Friday, 21 October 2022

Variety: CNN Starts Push to Promote New Morning-Show Trio

Story from Variety:

CNN hopes it can warm people up to its new morning program.

The Warner Bros. Discovery-backed outlet has released a suite of fresh promos for “CNN This Morning” that show hosts Don Lemon, Poppy Harlow and Kaitlin Collins hanging out over coffee, a first look at the trio and their chemistry as the network bets on a new A.M. format to help vie more competitively in one of the most competitive time periods for TV news.

“We want familiarity in the morning,” says Ryan Kadro, the CNN development executive who has been working on the program. “We really want the audience to feel at home with the show.” The new program kicks off November 1.

In a marked change from how CNN typically presents its programs, the new promos show the hosts chatting in a restaurant, reflecting on how they know each other and what morning news audiences crave. Collins acknowledges she was in middle school when Lemon first appeared on CNN, and on-air graphics emphasize the trio’s banter. “It’s really all about the conversation,” says Lemon, clad in a white jacket and white turtleneck.

Gone are the Zuckerian flourishes of CNN’s recent past: no warnings about taking on the administration or holding newsmakers to account.

The three anchors may not adhere to the rules of morning television. “You’re going to see a little more relaxed approach from these hosts,” says Kadro, and not only from their conversational tone. “What they are wearing that day is probably close to what they are going to show up in,” he says.

“CNN This Morning” is one of the bigger programming salvos by CNN under its new leader, Chris Licht, one of the driving forces behind the creation of recent A.M. standouts like MSNBC’s “Morning Joe” and CBS’ “CBS This Morning.” Kadro also worked as an executive producer at “CBS This Morning.” CNN’s current morning program, “New Day,” was meant to help set the network’s agenda for the day ahead — a phrase often used by executives in the past. Now “CNN This Morning” seems poised to give viewers a look at all the stories taking place around the world before the audience needs to set off on its daily routine.

Yet the burden of carrying the show forward will fall on its new trio. The hallmark of a Licht production has always been conversation, whether it be the chatter between Joe Scarborough, Mika Brzezinski and a roundtable of contributors on “Morning Joe”; the back-and-forth of Charlie Rose, Gayle King and Norah O’Donnell around a circular glass table — not a front-facing desk — on “CBS This Morning”; or the headlines-focused monologues of Stephen Colbert on CBS “The Late Show.” Lemon, Collins and Harlow have to do the talking.

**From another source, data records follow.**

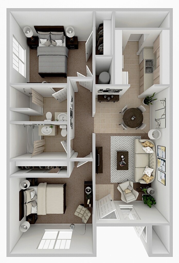2 Beds, 2 Baths, 900 sq ftModel Gallery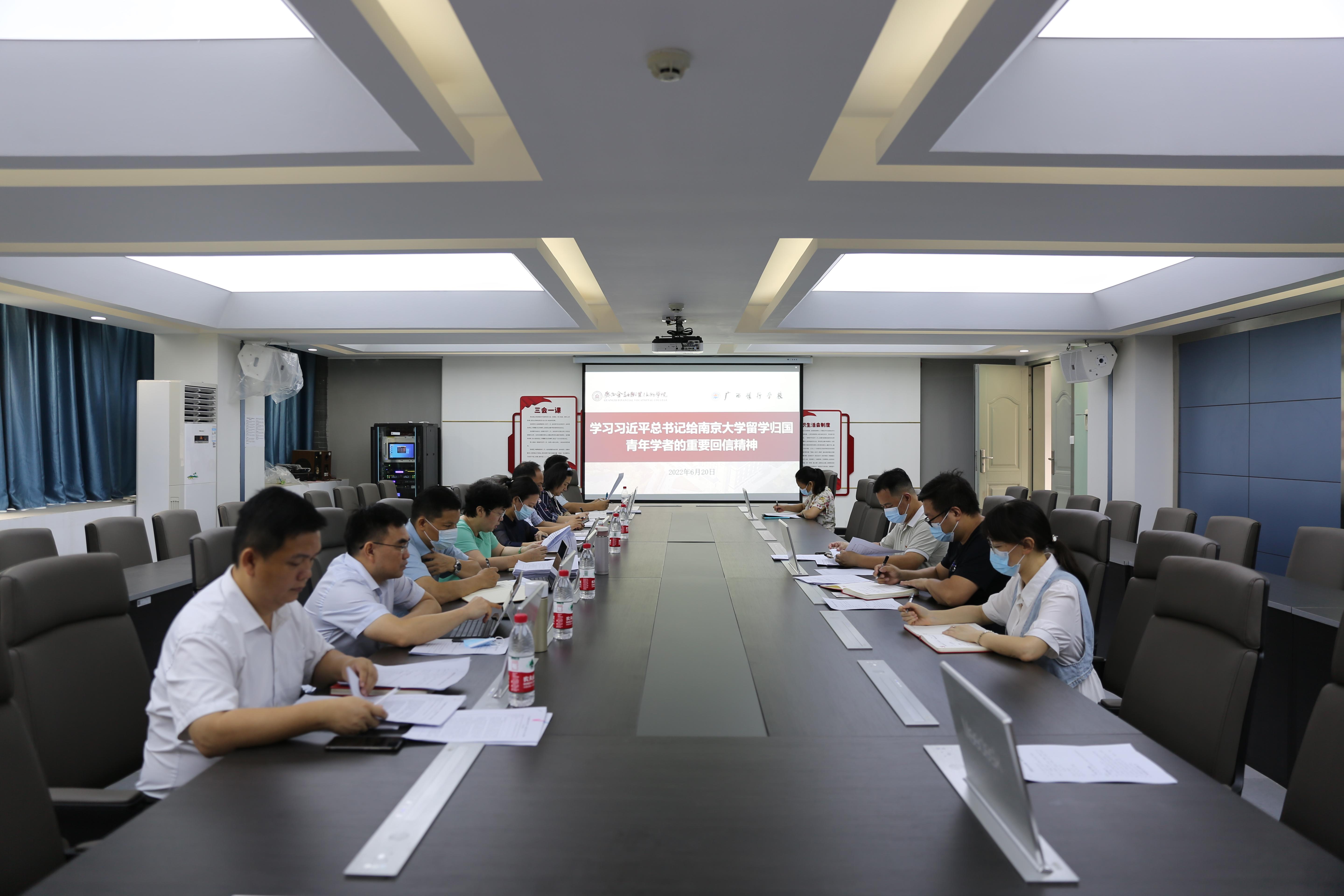 会议要求,习近平总书记给南京大学留学归国青年学者的重要回信充分体现了党中央对高等教育事业的高度重视和对高校青年教师的亲切关怀,我们要深刻领会把握,用心思考体悟,坚决贯彻落实。一是提高政治站位,认真学习贯彻,二要注重精神转化,推进落地见效,三要团结汇聚力量,共建幸福金院。我们要锚定党和国家中心任务、教育教学改革的热点问题、广大教师普遍关注的焦点问题,以建言献策现场座谈会、课题研究、调研活动等为载体,为学校发展建言献策,提高办学治校水平,大力弘扬伟大建党精神和报效祖国的爱国情怀,吸引更多高层次人才扎根金院(银校),共建幸福美好家园。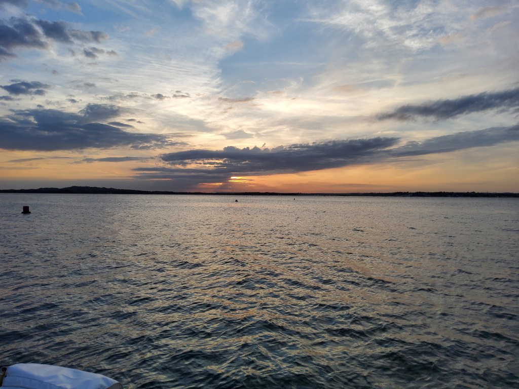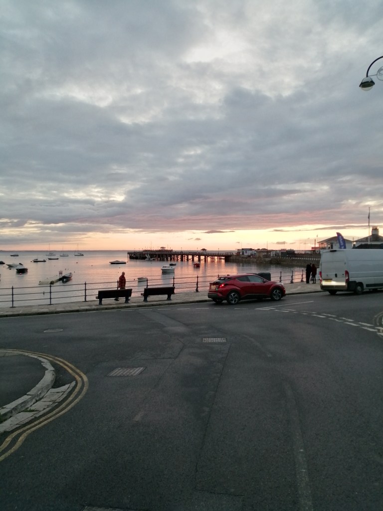 Morning came with wind whistling in the rigging, an overcast sky, and a few spots of rain. If I had gone aground during the night, I certainly hadn’t felt it. The sound of the wind in the rigging was annoying me and if I were to stay here again tonight, it would only be worse. So I moved on. This time Pottery Pier west of Brownsea island. I arrived at about 11.00am and there was lots of space to anchor. As the day wore on, more boats arrived, mainly day trippers in small to medium motorboats. Lots of families with kids whizzing about in dinghies or swimming. Come the evening and the party boats arrived, loud music and laughter accompanied another nice sunset.

CNN believes the three anchors have different background than the typical morning anchor. Lemon hails from Louisiana, Collins from Alabama, and Harlow from Minnesota. “We need to cover more of what is happening across America,” says Harlow in the promo.

While cable-news morning shows have in recent years put a strong focus on politics, CNN intends to broaden its horizons, says Kadro. “We want to expand the aperture of the type of stories we tell,” he says. There will be some emphasis on health and wellness, and executives also intend to burnish the wider entertainment properties of Warner Bros. Discovery when appropriate. How about a visit from cast members of HBO’s “House of the Dragon” when the second season is underway?

The show will serve as a sort of fulcrum for all the newsgathering CNN has lined up for viewers, says Kadro. “CNN has a unique superpower,” he notes: “a bigger roster of incredibly talented reporters who know their stories inside and out and are going to leverage that, put it on display every morning.” Ultimately, he says, the name reflects what the network wants viewers to be thinking “Did you see CNN this morning? I was watching CNN this morning…”

If CBS feels like CNN has pilfered certain elements of its intellectual property, it isn’t saying. A CBS News spokesperson declined to comment on whether the news division felt CNN had absconded with any proprietary branding.